All the same caveats related to defining diarrhea mentioned for the AAD trials also apply to these trials. In conclusion, I would not recommend probiotics for treatment of acute diarrhea unless greater benefit is demonstrated in future trials; however, others may interpret the data differently.

Prevention of viral infections

A 2015 Cochrane review included 13 trials, of which eight involved children. Many involved administration of probiotic drinks for several months to children in child care centres (20). This review concluded that there is low-quality evidence that probiotics prevent upper respiratory tract infections (URTIs), decrease the duration of URTIs and prevent the use of antibiotics and absenteeism. The effect size of the five pediatric trials that reported the outcome of “minimum one URTI” was 0.43 (95% CI 0.29 to 0.63), which is a medium effect. The pediatric trials included a day care trial (21) and a hospital trial by a group in Croatia (22), both demonstrating prevention of URTIs with Lactobacillus GG (the NNTT was 30 in the hospital study). Only the hospital study demonstrated efficacy for prevention of GI infections (NNTT=15). The same group repeated both trials using Bifidobacterium animalis subspecies lactis, yielding negative results (23,24). This indicates that probiotic efficacy for prevention of viral infections may be strain specific.

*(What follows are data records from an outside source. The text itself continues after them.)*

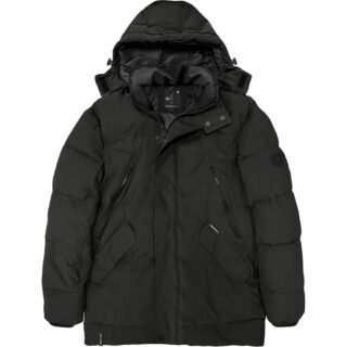 Casual, really warm winter puffy jacket. With large, patched hip pockets with asymmetric flaps and comfortable side panels lined with warm teddy. On the chest lie closable welt pockets. The inner collar made of high-quality faux fur can be detached. The hood is removable and adjustable in two directions. In the sleeves Cornwall has additional knit cuffs, which protect against wind. A belt in the back adjusts the waist size. Special eye-catchers are the long Zipperpull with red logo and the large Wellensteyn logo on the sleeve. It is easy to clean and machine washable at 30 ° C, but must not be treated with fabric softener or dry cleaned.
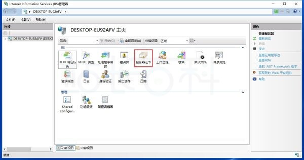 选择需要制作证书的服务器,选择服务器证书选项,进入服务器证书界面:
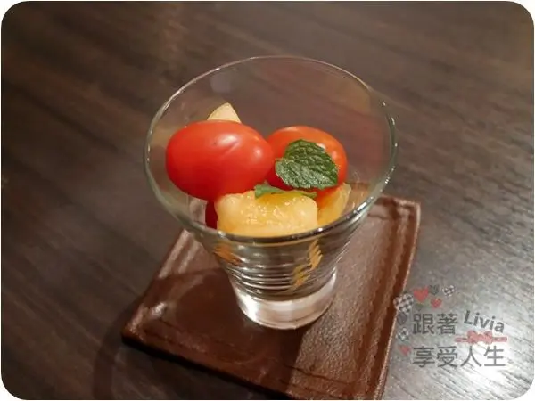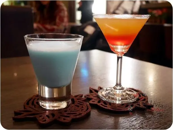 橘色這杯帶有一點酸甜口感,餐前來上一杯,很開胃阿!
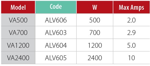 | VA2400 | ALV605 | 2400 | 10 | - |
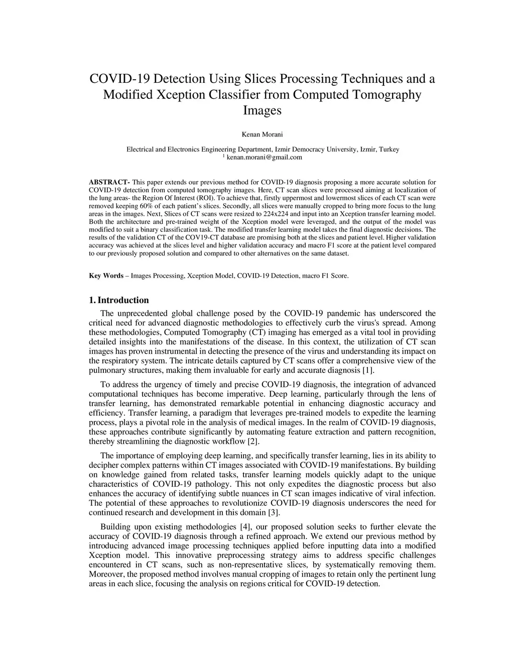This paper extends our previous method for COVID-19 diagnosis, proposing an enhanced solution for detecting COVID-19 from computed tomography (CT) images. To decrease model misclassifications, two key steps of image processing were employed. Firstly, the uppermost and lowermost slices were removed, preserving sixty percent of each patient's slices. Secondly, all slices underwent manual cropping to emphasize the lung areas. Subsequently, resized CT scans (224 by 224) were input into an Xception transfer learning model. Leveraging Xception's architecture and pre-trained weights, the modified model achieved binary classification. Promising results on the COV19-CT database showcased higher validation accuracy and macro F1 score at both the slice and patient levels compared to our previous solution and alternatives on the same dataset.
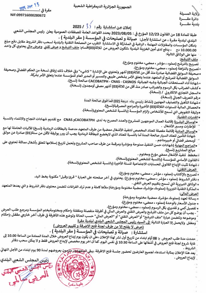 صيانة وتصليحات في المؤسسة (مقر البلدية)
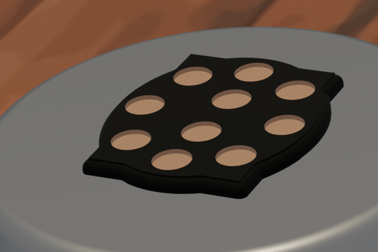 Display plinth featuring 10 round slots at 40.5 mm diameter and two 25.5 mm slot, accommodating teleport homer.
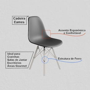 A Cadeira Eames combina design moderno, conforto e resistência, sendo uma excelente escolha para compor salas de jantar, escritórios, cozinhas ou ambientes comerciais. Inspirada no clássico estilo Eames, ela traz um visual atemporal que valoriza qualquer espaço com elegância e personalidade.
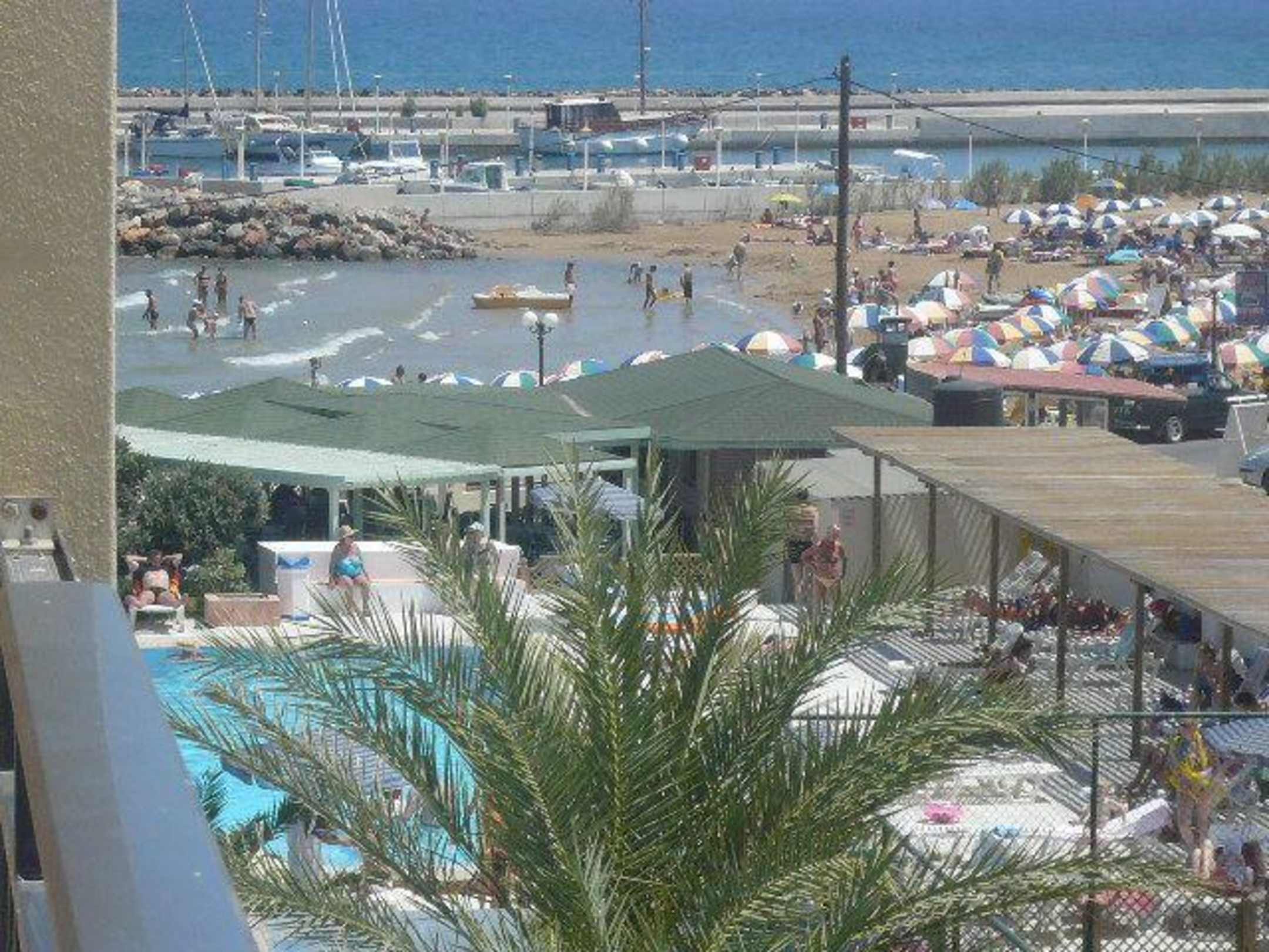 Widok z okna hotelowego na basen i plażę

My opinion is that probiotics should not be used for prevention of viral infections because there is a need for higher-quality data with closer tracking of adverse events with long-term use.

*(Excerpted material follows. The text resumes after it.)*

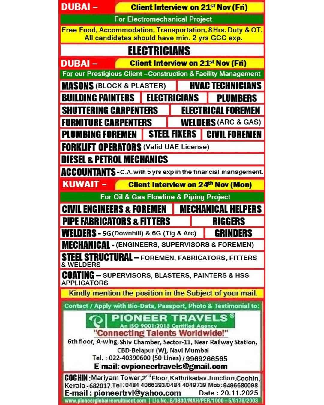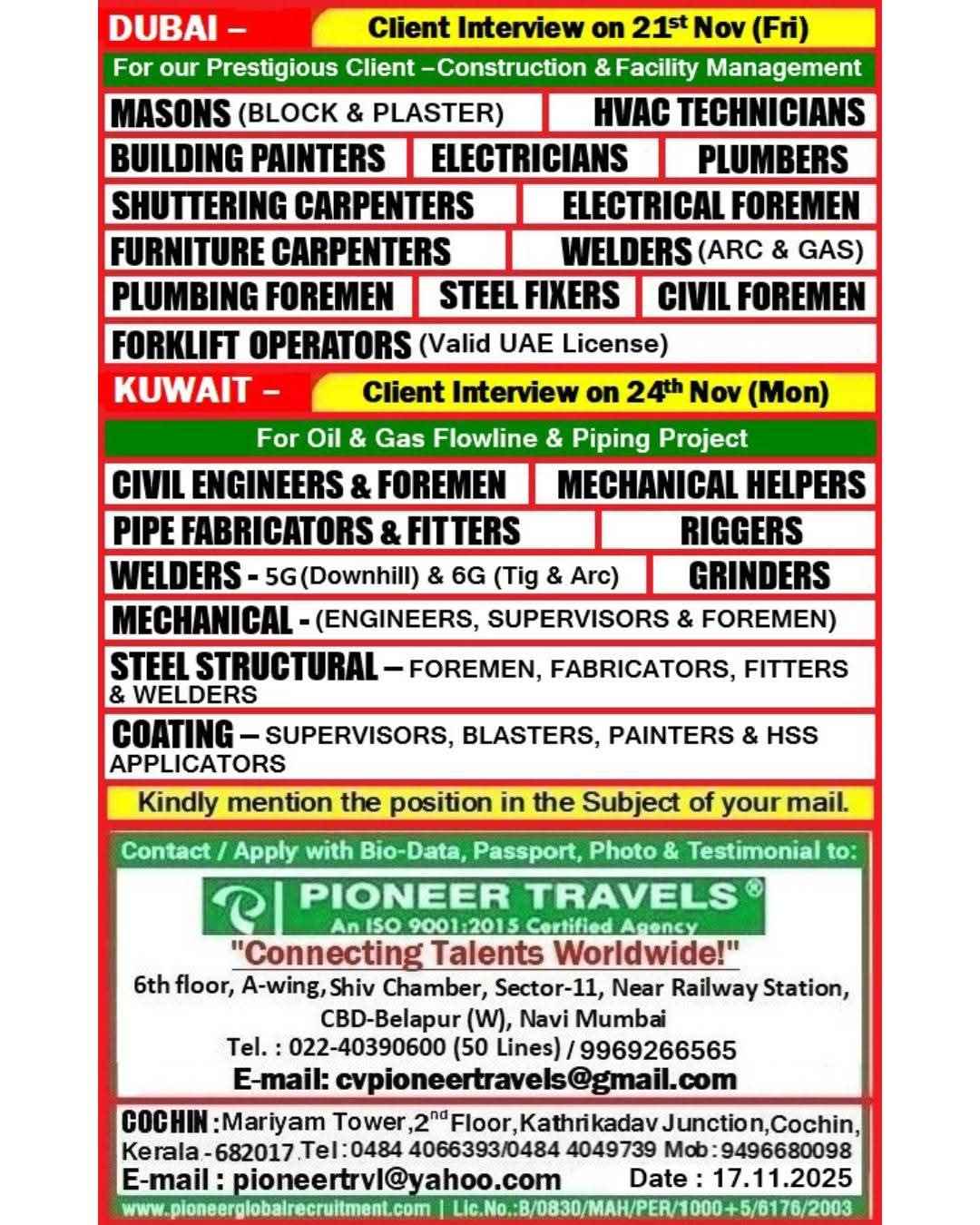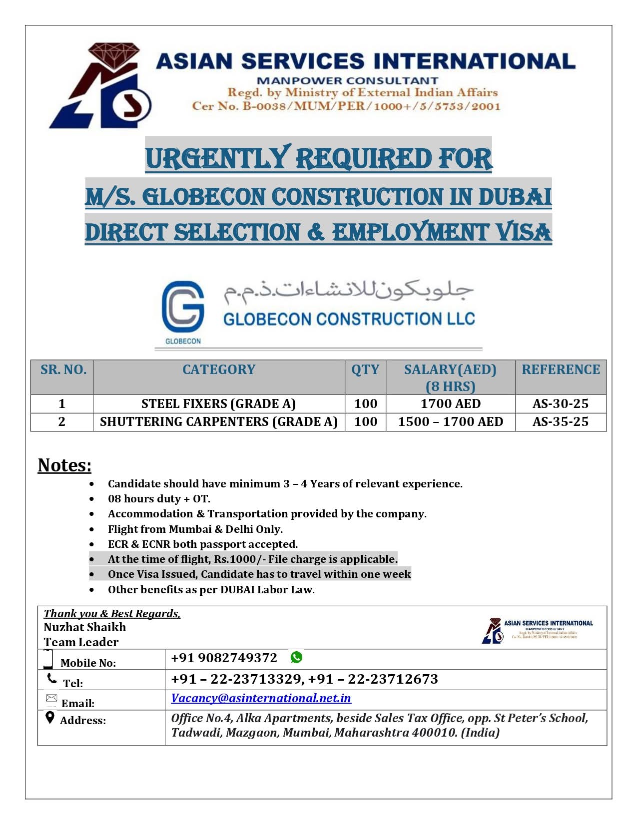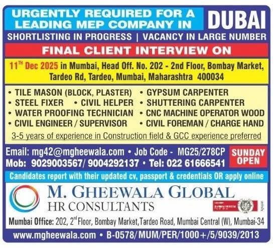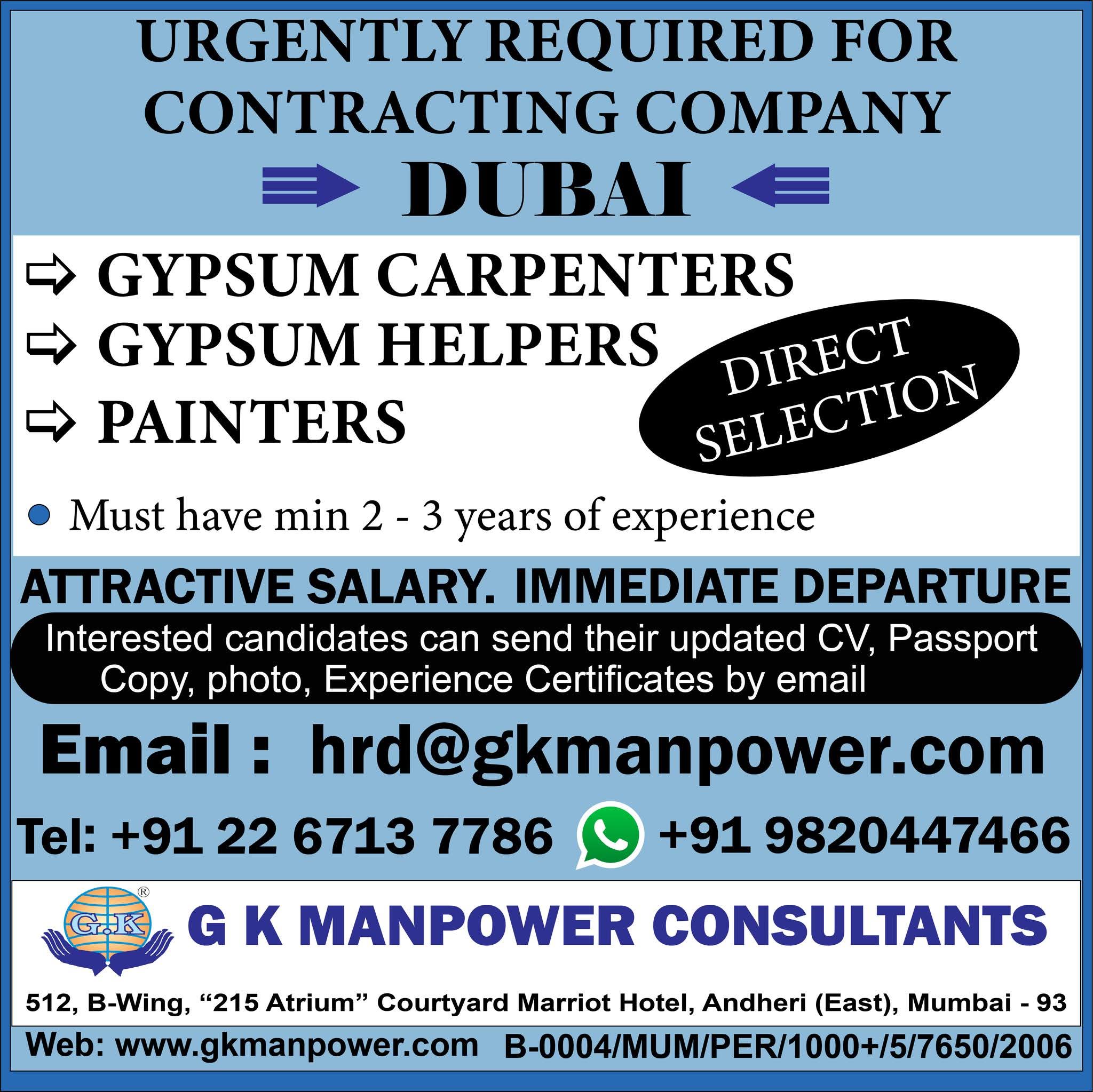 URGENTLY REQUIRED FOR M/S. GLOBECON CONSTRUCTION IN DUBAI

Prevention of ventilator-associated pneumonia

A 2014 Cochrane review reported that there is low-quality evidence from eight trials involving 1083 adults that probiotics prevent ventilator-associated pneumonia (VAP) (25). An open-label pediatric trial from India reported a decrease in the incidence of VAP from 48% to 17% (P<0.001) (26). However, the diagnosis of VAP is far from objective and often primarily based on positive airway cultures. Altering GI flora may impact airway colonization and prevent the overdiagnosis of VAP rather than actually preventing VAP (27), which may still be a worthwhile intervention! Clearly, more study is required before probiotics are recommended for prevention of VAP.

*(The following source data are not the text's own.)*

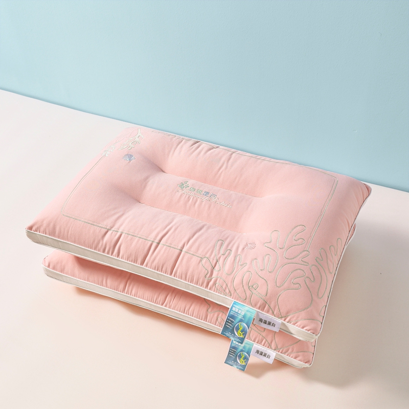 商品名称:轩琪家纺 2025新款刺绣海藻蛋白枕头枕芯 粉色 800克
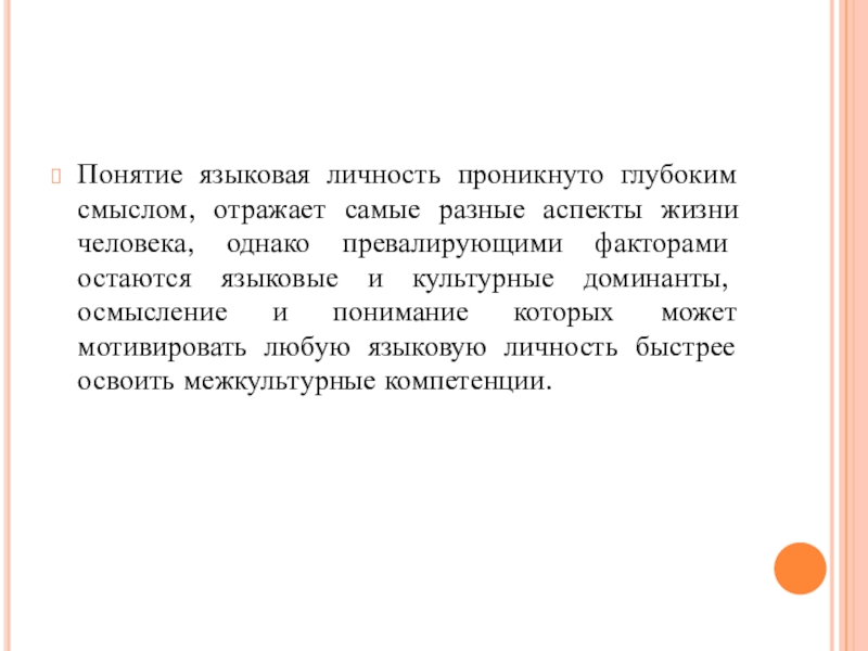 Слайд 18Понятие языковая личность проникнуто глубоким смыслом, отражает самые разные аспекты жизни
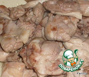 Куриные бедра освободить от кожи и костей, разрезать на 4 части. Грудинку нарезать небольшими кубиками.
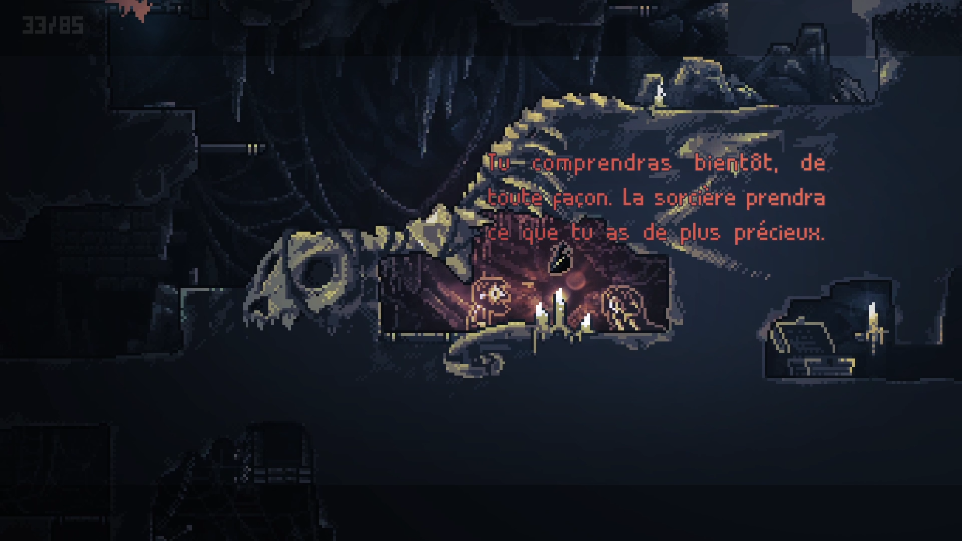 Ceci dit, le jeu nous perd un peu dans sa construction en triptyque et avec ses métaphores. J’ai passé bien la moitié du temps à ne pas comprendre ce qui se passe vraiment, ce que sont ces personnages et ce qui les réunit ici. Bien heureusement l’atmosphère lugubre et mélancolique m’a totalement garder accroché au jeu. Mais j’aurais aimé que le jeu soit moins mystérieux et vague dans sa première moitié, pour au final tout nous expliquer un fois arrivé sur la fin.

Adverse effects of probiotics

Published cases of invasive infections from probiotics are very rare, even in preterm infants (28). It appears possible that such cases may be under-reported because blood cultures are not always performed before starting antimicrobials and the volume of blood collected is often suboptimal, especially in preterm infants. Unfortunately, adverse events are often very poorly reported in clinical trials; however, no consistent clinically important adverse events have been uncovered to date. There are theoretical concerns that probiotics may increase oxygen demand in the gut mucosa, leading to ischemia in seriously ill patients, or may transfer resistance genes to other GI flora (29).

CONCLUSION

There is often pressure for physicians to prescribe probiotics because parents regard them as ‘natural’ and, therefore, safer than other medications. The cost of probiotics can be substantial. Pending more data, use of probiotics in children for prevention or therapy of infectious diseases should be very limited.